The neutron drip line marks, in the nuclide chart, the border between bound and unbound isotopes of a given element. If more neutrons are added to a nucleus at the drip line, they leak, or drip, out of the nucleus. Today, this boundary is only known for the ten lightest elements, up to neon, but FRIB’s ability to deliver neutron-rich isotopes should allow researchers to extend the drip line to tens of heavier elements. “It will take us to places where we have asked questions and didn’t get answers for decades,” says nuclear physicist Ani Aprahamian, who chairs FRIB’s program advisory committee. Her hope is that understanding these extreme cases will allow researchers to develop a unified nuclear theory that applies to nuclei of all stripes and colors.
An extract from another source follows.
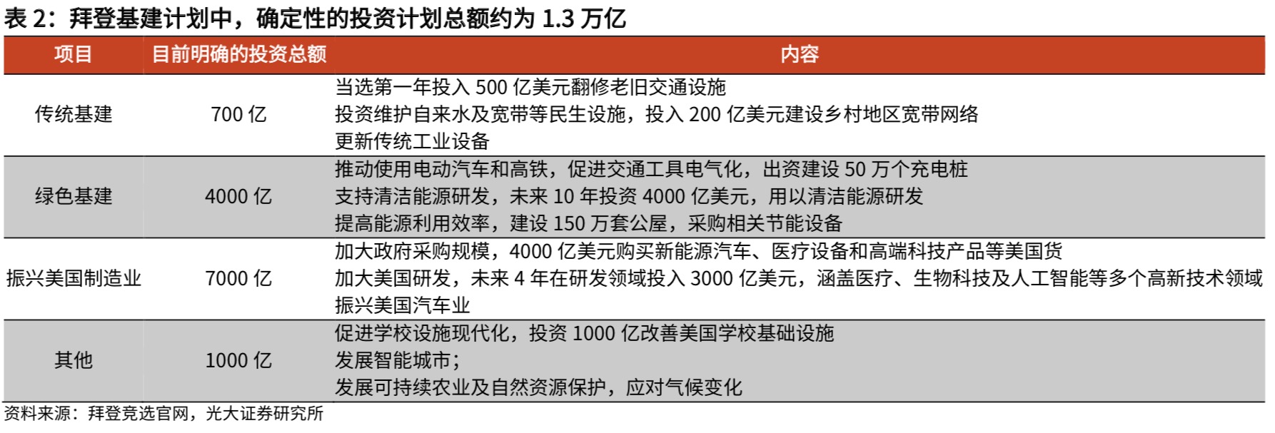 基建投资计划成为下一阶段焦点。随着财政刺激法案逐步落地,拜登重心或转向基建计划。基建计划总体包括公路桥梁等传统基建,清洁能源、电动汽车为主的绿色基建,振兴美国制造业计划,以及促进学校现代化、推动智慧城市建设等。其中,较为确定性的投资计划约为1.3万亿美元,横跨未来10年。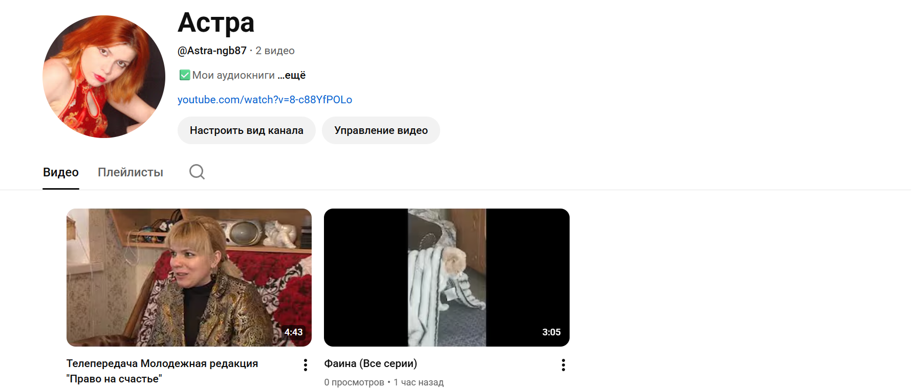 Автор: АстраСоздала свою страницу на YouTube. Тема канала:

And while isotopes at the limit of stability aren’t found on Earth, they are involved in the production of heavy elements in stars and supernovae. Many of those elements are thought to arise from the so-called r-process, which involves rapid neutron-capture reactions. The details of the r-process are poorly understood, in part because of the challenges in performing experiments under the same conditions found in the cosmos. FRIB will offer unprecedented capabilities to mimic astrophysical scenarios by making most of the isotopes that may be present in a stellar environment and by accelerating them to relevant energies, says nuclear astrophysicist Kelly Chipps from Oak Ridge National Laboratory in Tennessee. She says that a unique feature of FRIB is that it can produce different isotopic isomers—versions of the same isotopes in different energy states. Most models for the r-process assume that isomers have no effect, but “there isn’t any good reason to believe that’s the case,” says Kelly. The ability to finely control these and other details give FRIB a “potential for a huge impact on our understanding of nuclear astrophysics,” she says.

Sherrill says there are important synergies between the research that FRIB will enable and recent developments in gravitational-wave detection and observational astronomy. LIGO and Virgo’s 2017 detection of a neutron star merger, accompanied by emission of radiation across the electromagnetic spectrum, provided evidence that heavy elements can be created in such mergers (see Viewpoint: Neutron Star Merger Seen and Heard). FRIB will provide a wealth of data that could help researchers analyze merger spectra to extract details of the processes forging these elements. By combining multimessenger astronomy with constraints from nuclear physics, researchers may be able to figure out “the nitty gritty of what’s happening inside a neutron star merger,” says Chipps.

–Matteo Rini

Matteo Rini is the Editor of Physics Magazine.